## Exercise directions
Begin at the line that has "2011年3月10日9时,十", stop after the line that has "Erst Teilnehmer des", and print exactly those lines from the records below, without any pictures.

Start of Data shown

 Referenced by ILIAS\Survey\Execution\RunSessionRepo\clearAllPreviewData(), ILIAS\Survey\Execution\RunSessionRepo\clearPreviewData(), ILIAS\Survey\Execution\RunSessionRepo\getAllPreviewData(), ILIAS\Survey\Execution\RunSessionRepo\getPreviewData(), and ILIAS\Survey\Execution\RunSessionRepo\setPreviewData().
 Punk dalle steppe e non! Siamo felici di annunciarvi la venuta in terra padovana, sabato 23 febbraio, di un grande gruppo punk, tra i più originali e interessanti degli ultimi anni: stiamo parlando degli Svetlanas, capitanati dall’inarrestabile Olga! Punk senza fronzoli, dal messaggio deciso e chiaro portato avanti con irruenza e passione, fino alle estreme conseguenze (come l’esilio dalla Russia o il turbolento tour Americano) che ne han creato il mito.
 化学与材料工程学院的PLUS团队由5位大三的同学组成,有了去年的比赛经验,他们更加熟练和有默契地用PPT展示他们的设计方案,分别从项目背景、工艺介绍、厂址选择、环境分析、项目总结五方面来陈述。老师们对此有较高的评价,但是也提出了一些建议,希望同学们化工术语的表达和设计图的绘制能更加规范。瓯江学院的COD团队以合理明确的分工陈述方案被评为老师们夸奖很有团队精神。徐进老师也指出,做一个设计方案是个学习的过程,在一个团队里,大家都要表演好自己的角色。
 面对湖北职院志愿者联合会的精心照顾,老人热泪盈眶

End of Data shown
Start of Data shown

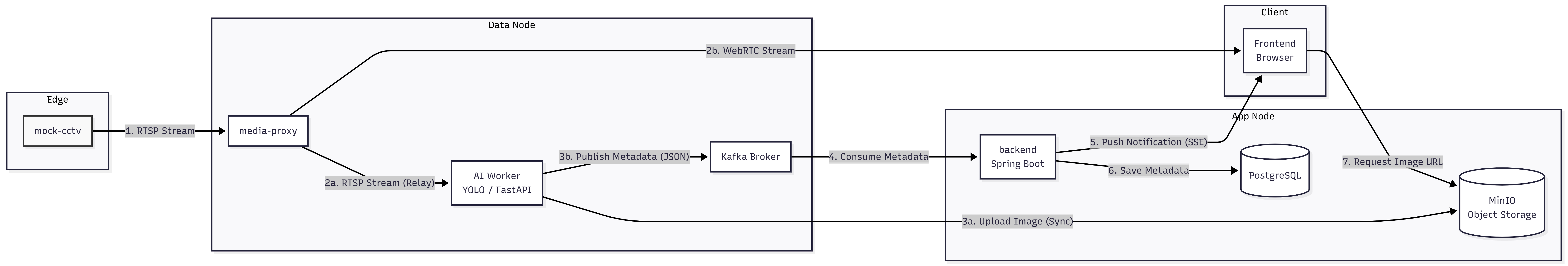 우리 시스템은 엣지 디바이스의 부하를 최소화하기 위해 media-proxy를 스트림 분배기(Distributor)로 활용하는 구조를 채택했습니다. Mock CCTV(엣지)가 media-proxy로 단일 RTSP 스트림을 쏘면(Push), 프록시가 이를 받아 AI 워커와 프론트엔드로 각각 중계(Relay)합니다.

End of Data shown
Start of Data shown

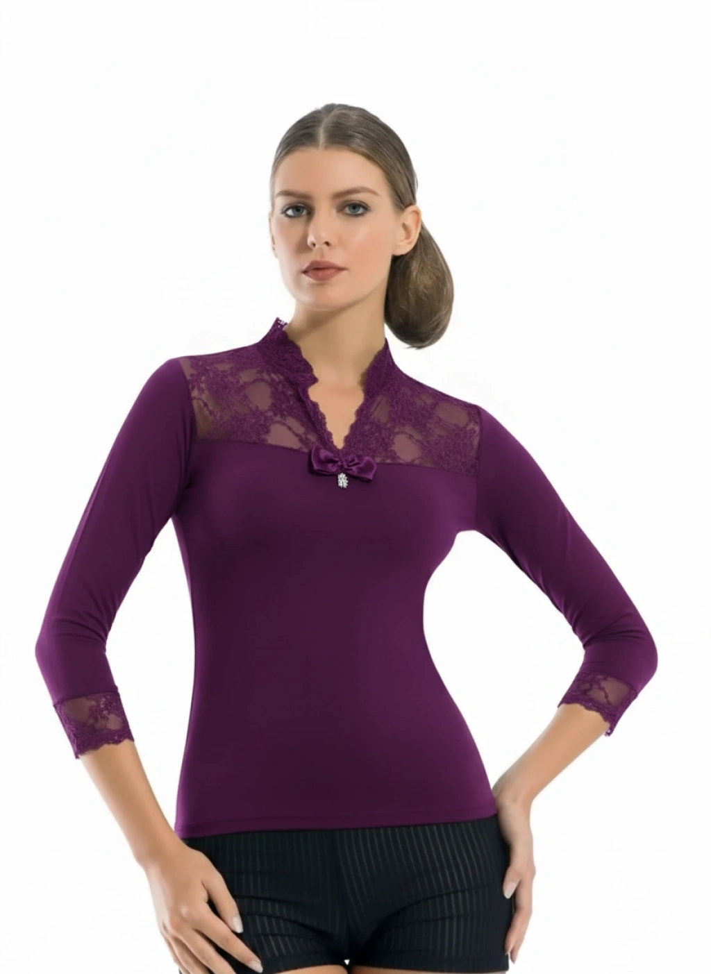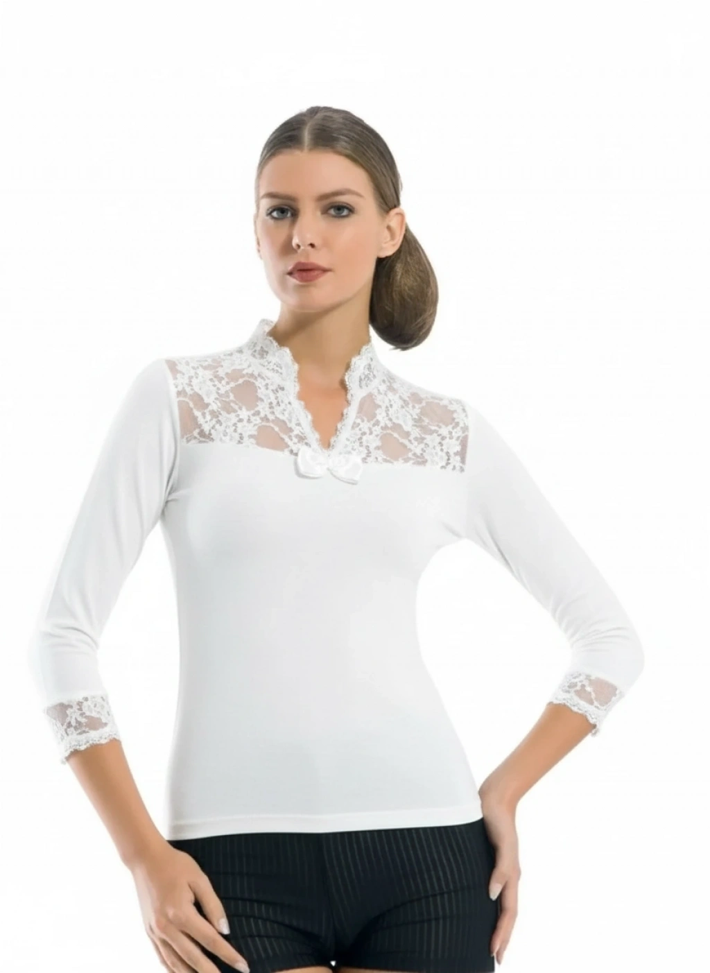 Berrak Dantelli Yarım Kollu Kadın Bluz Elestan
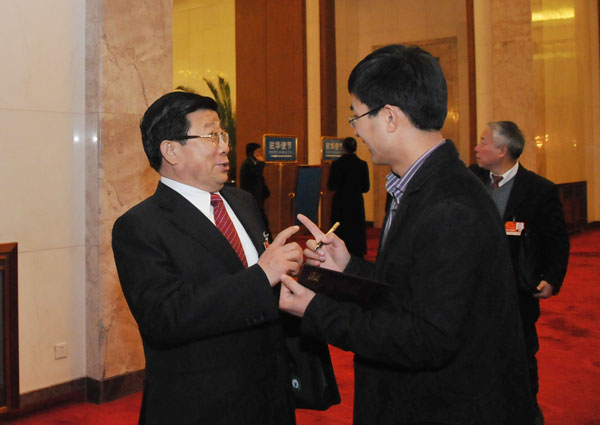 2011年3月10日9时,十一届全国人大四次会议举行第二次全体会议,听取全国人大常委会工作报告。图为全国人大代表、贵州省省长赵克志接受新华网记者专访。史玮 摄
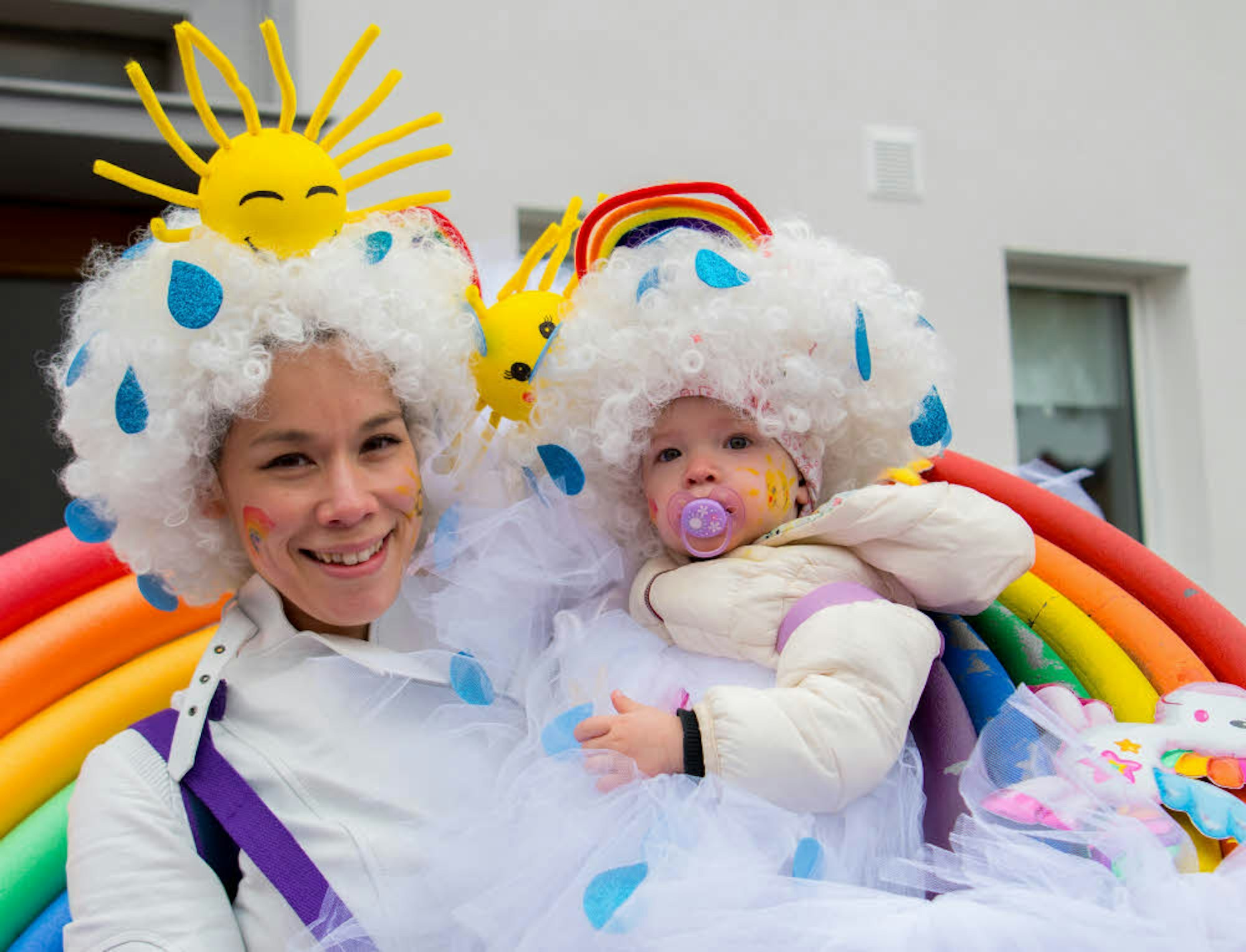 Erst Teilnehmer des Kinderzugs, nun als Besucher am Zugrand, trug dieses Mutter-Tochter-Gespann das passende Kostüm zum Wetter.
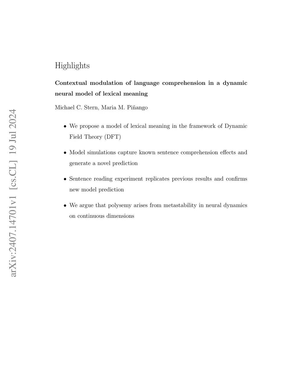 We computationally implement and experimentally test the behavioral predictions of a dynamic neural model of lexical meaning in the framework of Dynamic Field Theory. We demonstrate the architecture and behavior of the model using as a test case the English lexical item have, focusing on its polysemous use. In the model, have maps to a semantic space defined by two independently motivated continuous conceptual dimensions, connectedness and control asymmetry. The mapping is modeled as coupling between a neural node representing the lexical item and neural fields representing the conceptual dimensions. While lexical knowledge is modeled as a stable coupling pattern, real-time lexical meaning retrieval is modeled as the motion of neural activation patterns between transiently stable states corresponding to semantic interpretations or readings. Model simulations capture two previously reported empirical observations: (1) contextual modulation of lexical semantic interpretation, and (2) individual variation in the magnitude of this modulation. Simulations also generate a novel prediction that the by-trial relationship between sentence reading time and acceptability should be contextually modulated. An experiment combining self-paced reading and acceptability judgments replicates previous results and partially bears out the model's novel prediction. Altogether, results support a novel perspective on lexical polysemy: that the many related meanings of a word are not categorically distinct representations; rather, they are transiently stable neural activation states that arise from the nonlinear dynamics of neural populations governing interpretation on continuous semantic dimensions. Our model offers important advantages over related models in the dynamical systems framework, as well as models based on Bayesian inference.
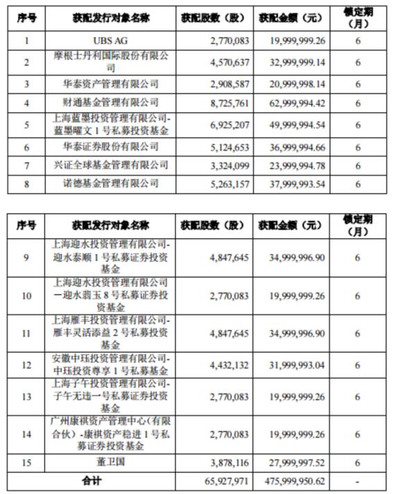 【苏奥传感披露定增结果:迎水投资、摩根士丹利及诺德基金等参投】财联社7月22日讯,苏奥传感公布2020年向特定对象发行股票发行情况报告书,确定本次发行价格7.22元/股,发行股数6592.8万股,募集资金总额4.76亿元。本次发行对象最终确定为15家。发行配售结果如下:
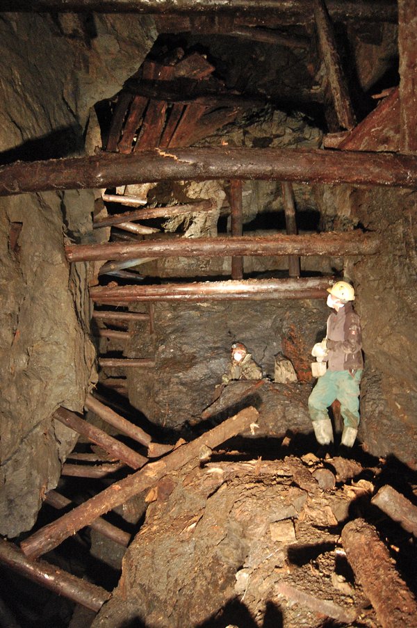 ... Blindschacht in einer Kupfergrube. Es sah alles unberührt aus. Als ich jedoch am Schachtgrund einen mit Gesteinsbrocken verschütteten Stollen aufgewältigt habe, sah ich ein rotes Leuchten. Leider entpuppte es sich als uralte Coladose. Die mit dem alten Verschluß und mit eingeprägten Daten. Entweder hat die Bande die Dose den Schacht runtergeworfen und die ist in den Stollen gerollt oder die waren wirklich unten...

End of Data shown

## Response
 2011年3月10日9时,十一届全国人大四次会议举行第二次全体会议,听取全国人大常委会工作报告。图为全国人大代表、贵州省省长赵克志接受新华网记者专访。史玮 摄
 Erst Teilnehmer des Kinderzugs, nun als Besucher am Zugrand, trug dieses Mutter-Tochter-Gespann das passende Kostüm zum Wetter.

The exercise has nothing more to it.